■ TO DO:
Quote only the span from the first line of the entries to the line containing "Behindertengerecht, Erdgeschoß, 85qm, für", both ends kept. Leave every picture out.
____ EXERCISE INPUT
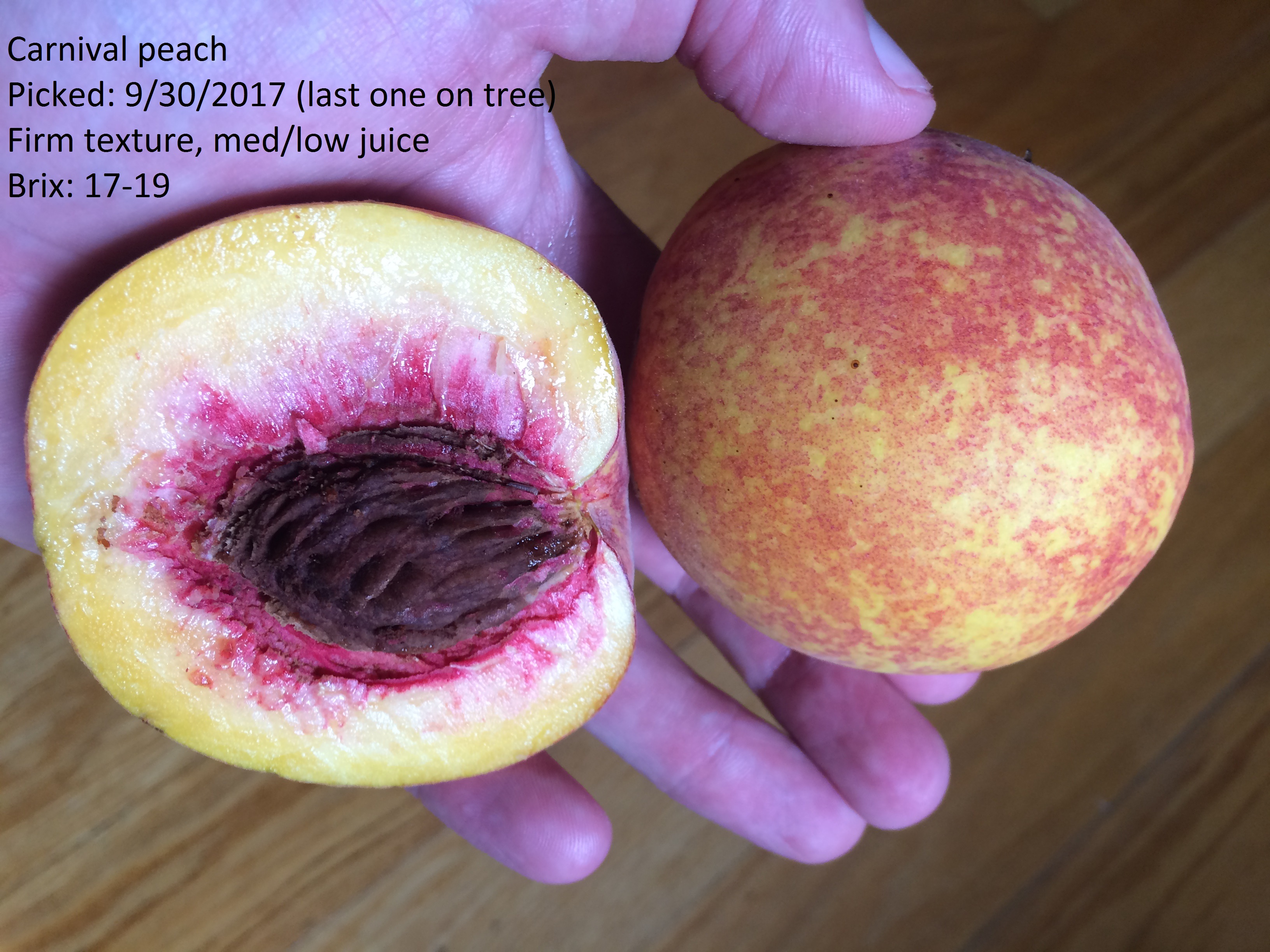 So, while I am thrilled with Carnival, it looks like I need to find a later one to really stretch the season. It didn’t make it all the way until October. There is only 1 Heath Cling left on the tree as well, though some of the early drops were insect related. 7 of the next 10 days are forecast in the 70’s, so there is still plenty of season left for fruit to ripen (at least in some years).
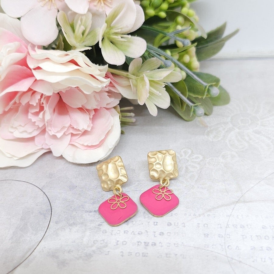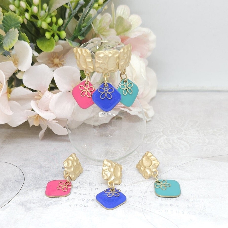 Cette paire de boucles d'oreilles pendantes est composée d'une breloque losange émaillée et colorée de 14mm et d'une breloque fleur en métal doré de 8mm.
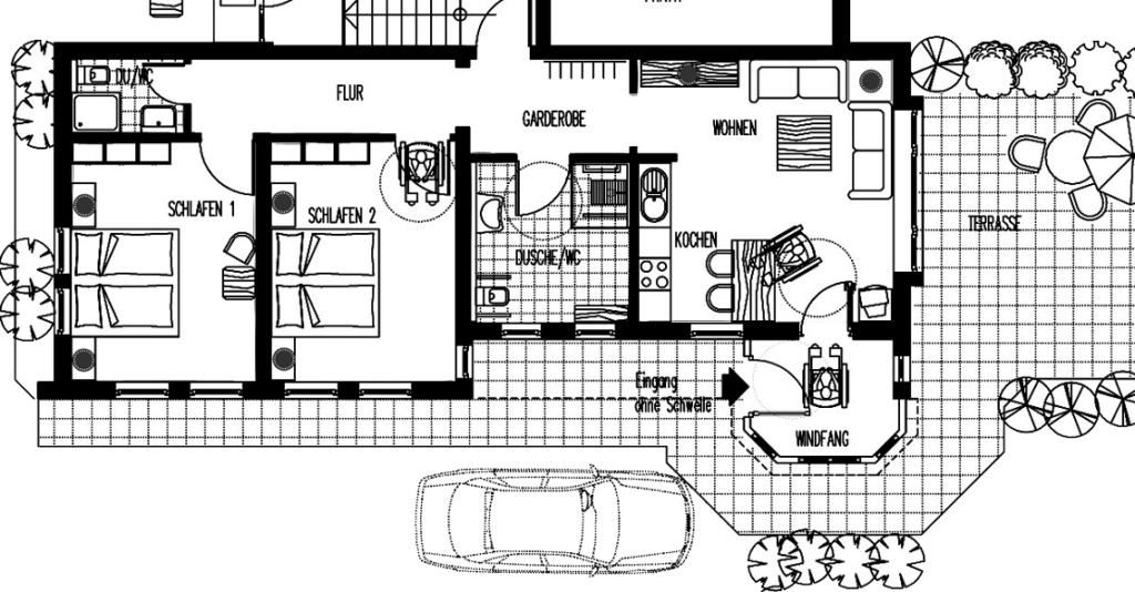 Behindertengerecht, Erdgeschoß, 85qm, für 2 – 5 Personen
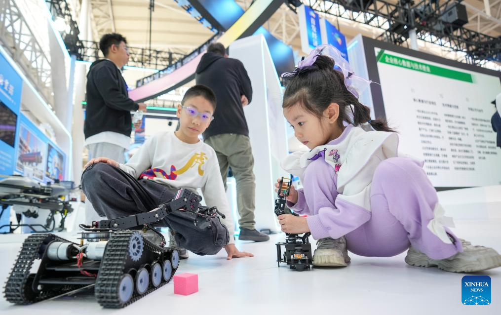 HARBIN, 19 mayo, 2025 (Xinhua) -- Niños juegan con un robot en la 34ª Feria Internacional de Economía y Comercio de Harbin, en Harbin, capital de la provincia de Heilongjiang, en el noreste de China, el 19 de mayo de 2025. La feria presentó tecnologías de vanguardia como conducción autónoma, satélites comerciales y robots humanoides de más de 100 empresas tecnológicas. (Xinhua/Wang Jianwei)
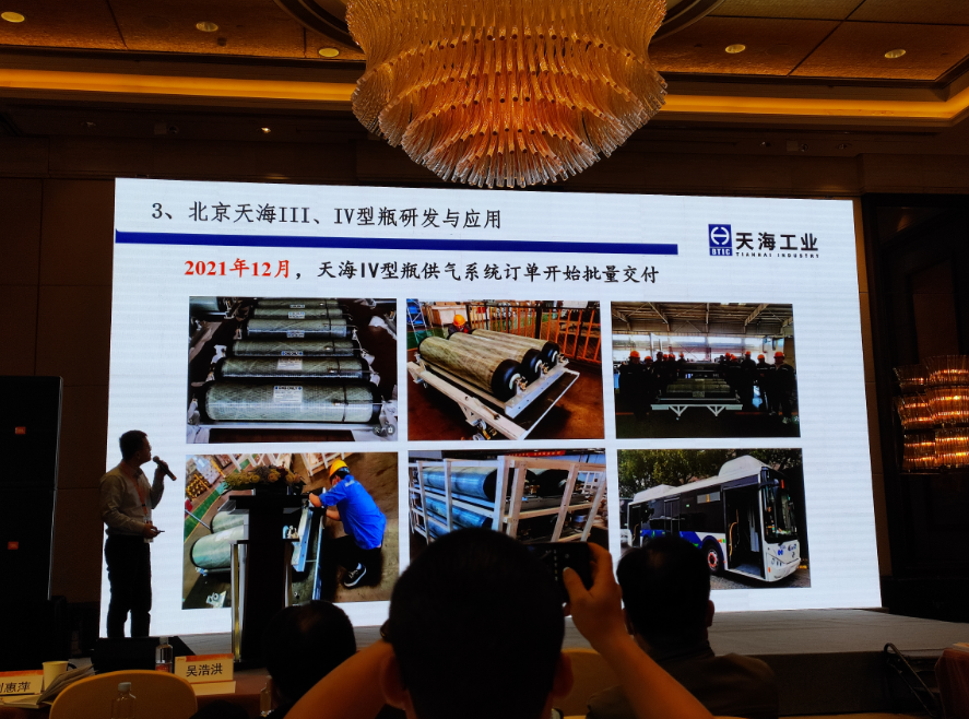 北京天海 張增營先生 “車載高壓儲氫技術發展與應用” 講述了(le)北京天海III、IV型(xing)瓶研發進(jin)展。目前天海工業已完成多(duo)款產(chan)品(pin)(pin)的研制,取得了(le)國內認證和多(duo)項(xiang)國際(ji)認證包(bao)括:ECE R110、ISO 11439、EC79等。產(chan)品(pin)(pin)容積范(fan)圍58-1080L,壓(ya)力等級20-70MPa,直徑范(fan)圍356-910mm。 天海(hai)IV型瓶于2021年(nian)(nian)12月交付(fu)訂單,于2022年(nian)(nian)10月開始裝車(che)。2023年(nian)(nian)3月,天海(hai)IV型瓶0MPa-1080L*2瓶組(zu)車(che)載(zai)供(gong)(gong)氣(qi)系統整車(che)取得公告,相比目前的260L*8瓶組(zu)供(gong)(gong)氣(qi)系統減重(zhong)約650kg,為(wei)重(zhong)卡行業提供(gong)(gong)了輕(qing)量化解決方案。
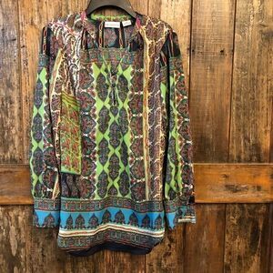 Beautiful green paisley v-neck with buttons, BOHO long sleeves.
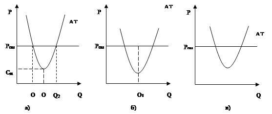 В ситуации а) производство будет прибыльным, если товар будет производиться в количестве Q1 - Q2 , однако наибольшую прибыль предприниматель получит при производстве Q0 единиц продукции. В ситуации б) только при объеме выпуска Q1 предприниматель может производить продукцию без убытков, но и прибыли он не получит, потому что издержки производства совпадут с рыночной ценой товара. А в ситуации в) производство вообще не рентабельно: при любых объемах производства издержки будут превышать цену товара.
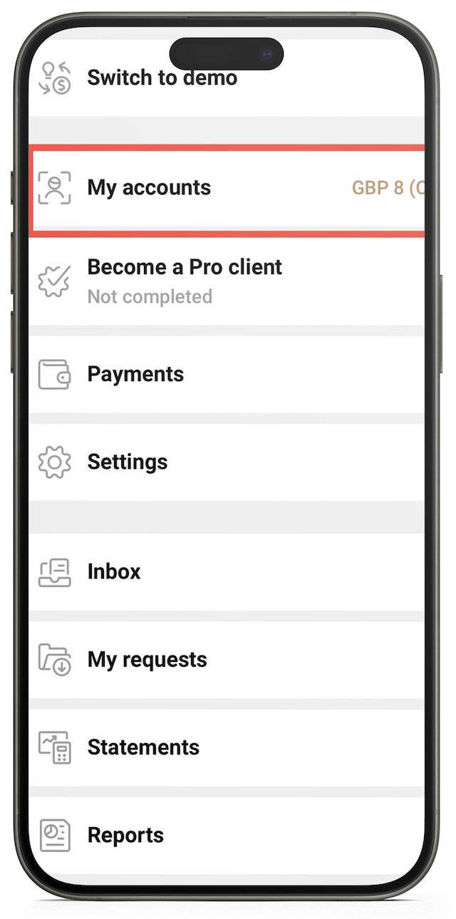liigu jaotisse Konto Minu kontod ning klõpsa MT4 konto kõrval olevatel Sisselogimisandmetel.
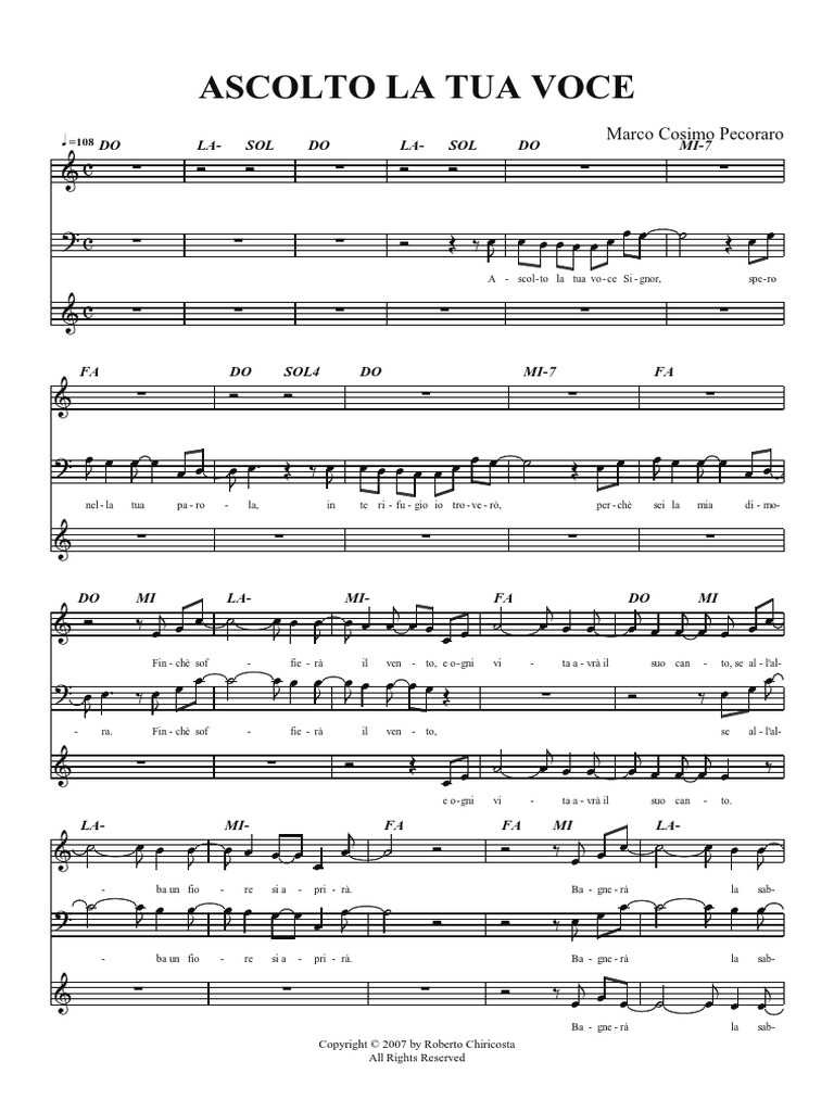 il cre-a - to la tua vo - ce a - scol - te - rà, a - scol-te - rà la tua vo-
________
■ RESULT BELOW:
 So, while I am thrilled with Carnival, it looks like I need to find a later one to really stretch the season. It didn’t make it all the way until October. There is only 1 Heath Cling left on the tree as well, though some of the early drops were insect related. 7 of the next 10 days are forecast in the 70’s, so there is still plenty of season left for fruit to ripen (at least in some years).
 Cette paire de boucles d'oreilles pendantes est composée d'une breloque losange émaillée et colorée de 14mm et d'une breloque fleur en métal doré de 8mm.
 Behindertengerecht, Erdgeschoß, 85qm, für 2 – 5 Personen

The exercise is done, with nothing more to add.